When a coloured document is faxed on a black-and-white machine, one might assume that the colour information is lost.
Not necessarily, according to Karen M. Braun, a Xerox imaging scientist. She is the co-developer of the first way to encode documents so that the colours of the original image can be recovered from a print made on a black-and-white printer, fax or copier.
Together with Ricardo L. deQueiroz, who's on the faculty of the Universidade de Brasilia in Brazil, Braun began with a common problem. When a colour image is copied, printed or faxed on a black-and-white device, the colours are converted to shades of grey.
Two different colours with the same luminance - or perceived brightness - may "map" to the same shade of grey, making it impossible to interpret the information the colours carry. When that happens on graphics like pie charts or bar charts, two colours will look the same and the chart loses its information value.
While trying to understand how to retain the information conveyed in colour graphs and pictures, the researchers looked for new ways to represent colour images in black-and-white.
The method they developed turns each colour into a different texture or pattern in the grey parts of an image.
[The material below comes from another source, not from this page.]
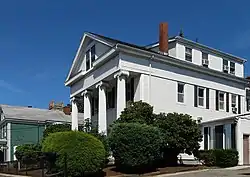It is a 2+12-story, wood-framed structure, three bays wide, with a front-gable roof and a flush-boarded facade sheltered by a monumental two-story, Greek Revival style portico with fluted Ionic columns. It was built in 1843 by James D. Hathaway, a carpenter, and was perhaps designed by Russell Warren or copied by Hathaway from his designs.[2] It is one of seven extant monumental temple-fronted Greek Revival houses in Fall River. It is also located within the Lower Highlands Historic District.

It makes it easy to identify colours with similar luminance value, making the pictures more pleasing and the graphs more useful.
The new method also had an unexpected benefit, according to Braun. "When you map colour to textures in this way, the textures can later be decoded and converted back to colour," she said.
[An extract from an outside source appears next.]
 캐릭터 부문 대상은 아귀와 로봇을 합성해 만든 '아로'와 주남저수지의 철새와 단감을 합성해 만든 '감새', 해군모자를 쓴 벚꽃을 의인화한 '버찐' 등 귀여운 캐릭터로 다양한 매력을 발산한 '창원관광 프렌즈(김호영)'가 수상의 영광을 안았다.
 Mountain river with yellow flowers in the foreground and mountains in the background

Thus the recipient of a black-and-white fax could recover the colours of the original. It would also allow colours to be retrieved from a printed black-and-white hardcopy.
How might the technology someday be used? In practice, the part of the algorithms that code the colours could be integrated within the software of a black-and-white printer so colours could be transformed to textured greys.
The decoding part of the algorithms could be part of a multifunction system's scanner, recovering the original colours so the document could be switched back to vivid colour for display or print.